#### WHAT IS EXPECTED:
Each record needs to be retyped exactly, though its pictures should not appear.
═════ EXTRACTED ENTRIES
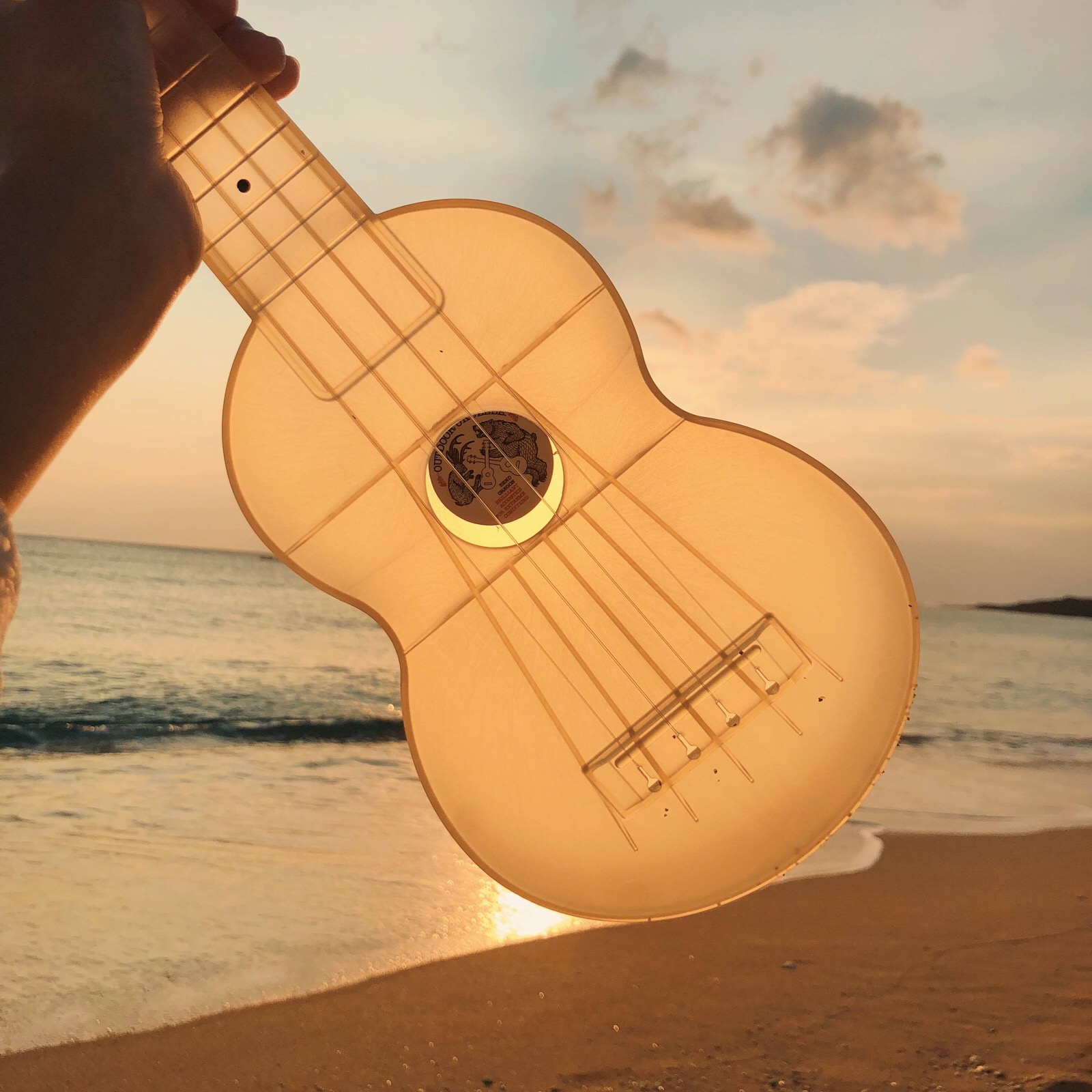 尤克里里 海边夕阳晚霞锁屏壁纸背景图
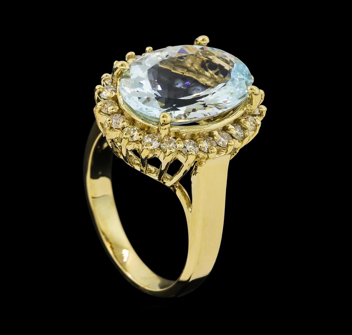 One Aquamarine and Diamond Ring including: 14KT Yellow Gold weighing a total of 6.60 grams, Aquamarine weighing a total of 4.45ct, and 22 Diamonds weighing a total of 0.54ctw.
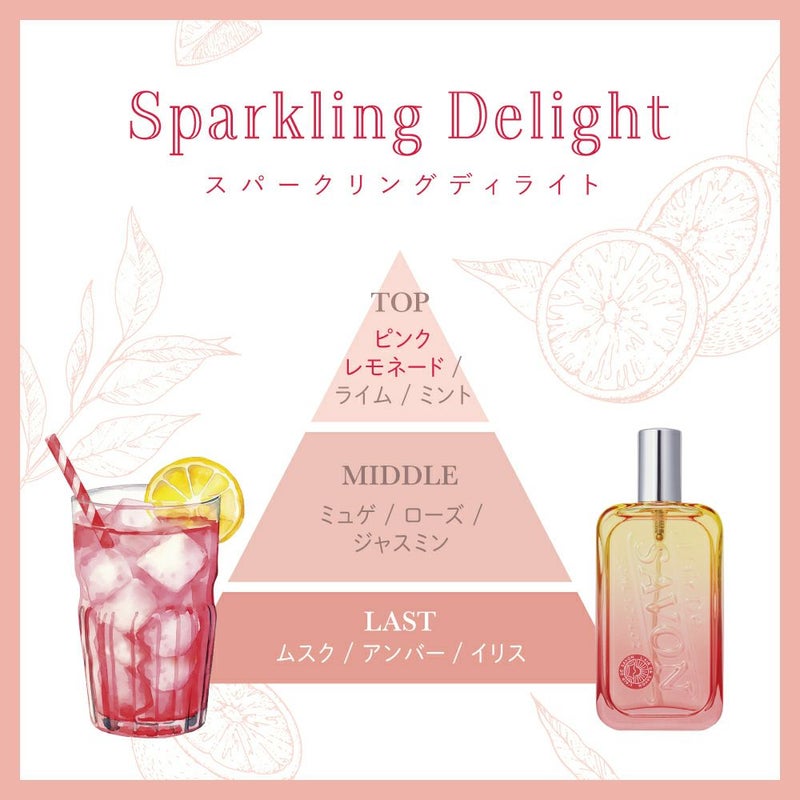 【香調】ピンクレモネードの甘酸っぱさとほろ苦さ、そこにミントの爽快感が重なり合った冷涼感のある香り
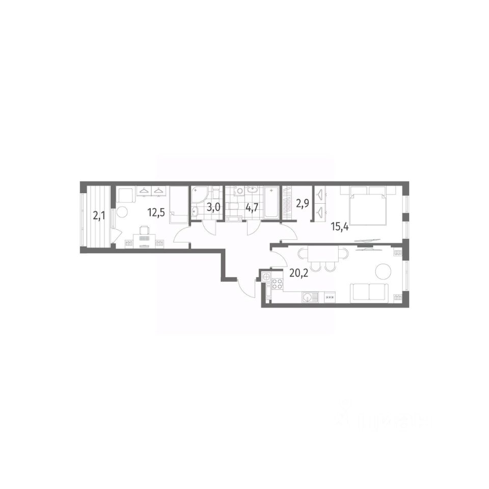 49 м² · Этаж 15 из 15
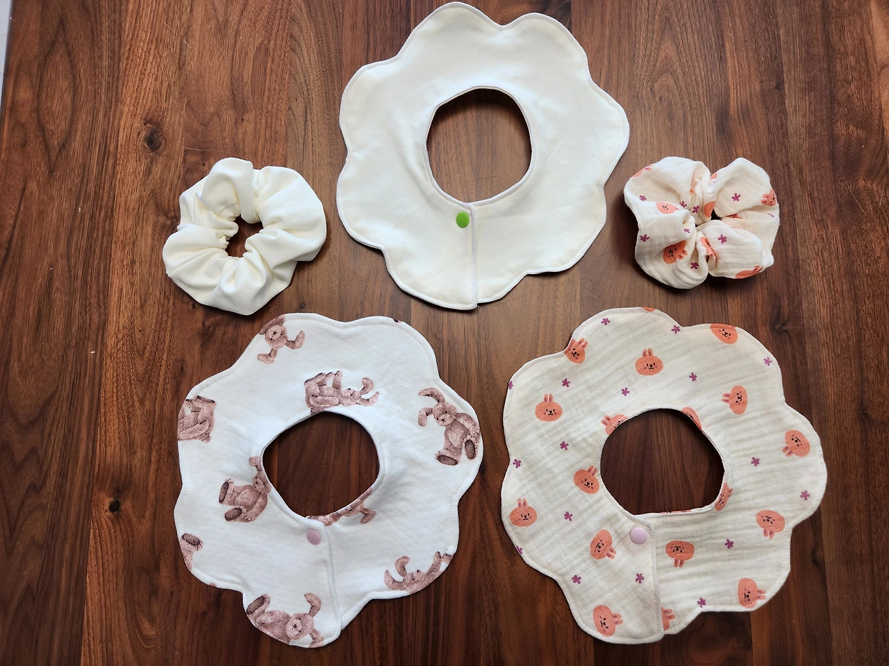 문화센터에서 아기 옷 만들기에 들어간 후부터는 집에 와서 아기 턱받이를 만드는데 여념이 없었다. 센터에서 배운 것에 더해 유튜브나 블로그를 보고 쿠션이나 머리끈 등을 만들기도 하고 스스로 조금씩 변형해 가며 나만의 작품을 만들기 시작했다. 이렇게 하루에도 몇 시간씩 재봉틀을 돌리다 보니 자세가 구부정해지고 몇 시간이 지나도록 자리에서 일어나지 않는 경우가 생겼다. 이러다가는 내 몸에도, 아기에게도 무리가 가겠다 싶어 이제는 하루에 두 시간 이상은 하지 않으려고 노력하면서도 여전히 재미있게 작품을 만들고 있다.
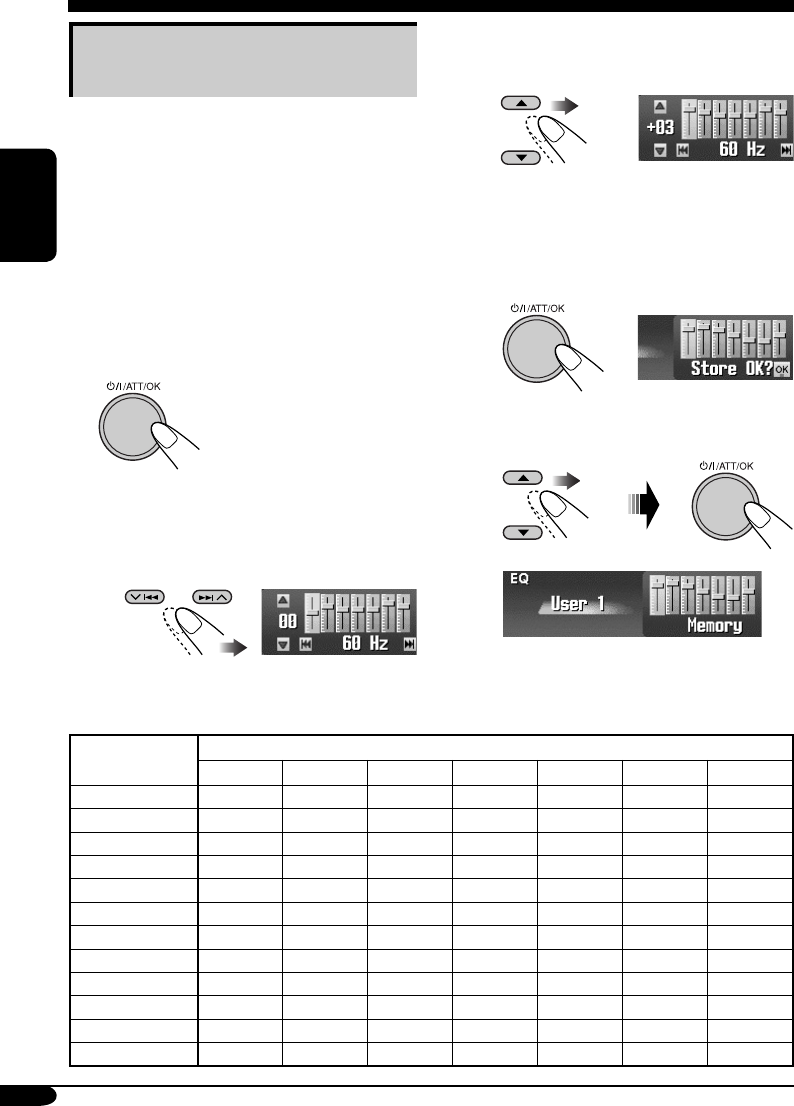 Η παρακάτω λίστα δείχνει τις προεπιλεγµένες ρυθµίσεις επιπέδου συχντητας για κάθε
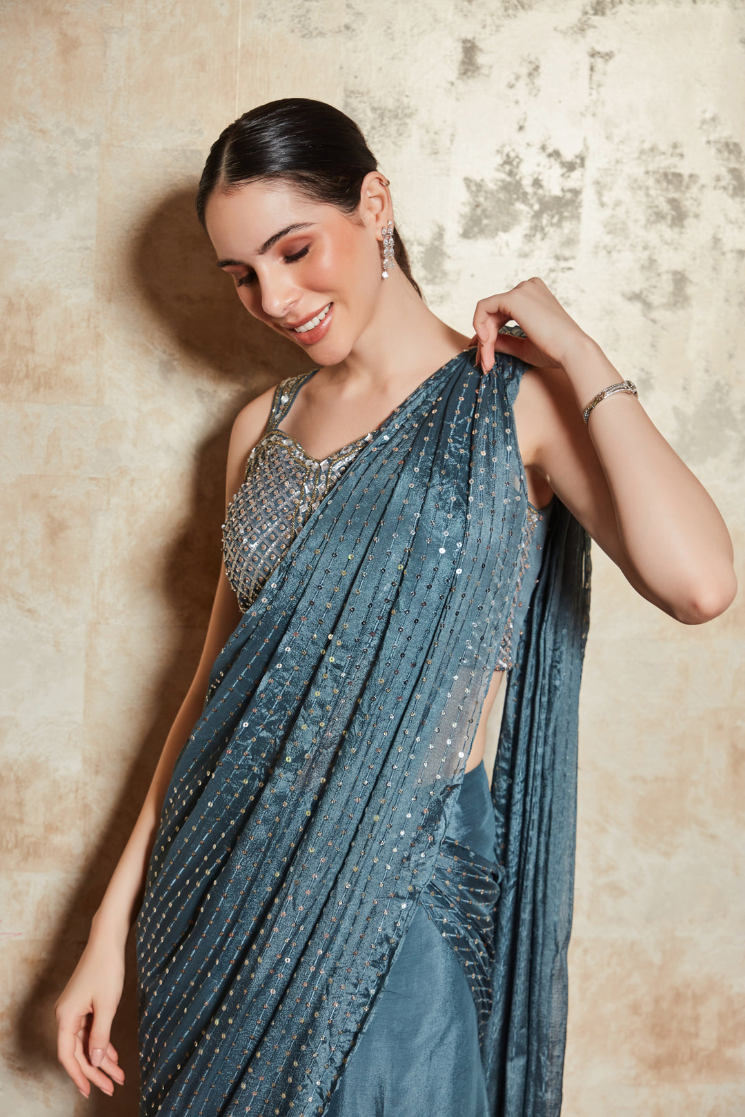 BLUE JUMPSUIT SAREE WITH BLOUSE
══════════
#### ANSWER AREA:
 尤克里里 海边夕阳晚霞锁屏壁纸背景图
 One Aquamarine and Diamond Ring including: 14KT Yellow Gold weighing a total of 6.60 grams, Aquamarine weighing a total of 4.45ct, and 22 Diamonds weighing a total of 0.54ctw.
 【香調】ピンクレモネードの甘酸っぱさとほろ苦さ、そこにミントの爽快感が重なり合った冷涼感のある香り
 49 м² · Этаж 15 из 15
 문화센터에서 아기 옷 만들기에 들어간 후부터는 집에 와서 아기 턱받이를 만드는데 여념이 없었다. 센터에서 배운 것에 더해 유튜브나 블로그를 보고 쿠션이나 머리끈 등을 만들기도 하고 스스로 조금씩 변형해 가며 나만의 작품을 만들기 시작했다. 이렇게 하루에도 몇 시간씩 재봉틀을 돌리다 보니 자세가 구부정해지고 몇 시간이 지나도록 자리에서 일어나지 않는 경우가 생겼다. 이러다가는 내 몸에도, 아기에게도 무리가 가겠다 싶어 이제는 하루에 두 시간 이상은 하지 않으려고 노력하면서도 여전히 재미있게 작품을 만들고 있다.
 Η παρακάτω λίστα δείχνει τις προεπιλεγµένες ρυθµίσεις επιπέδου συχντητας για κάθε
 BLUE JUMPSUIT SAREE WITH BLOUSE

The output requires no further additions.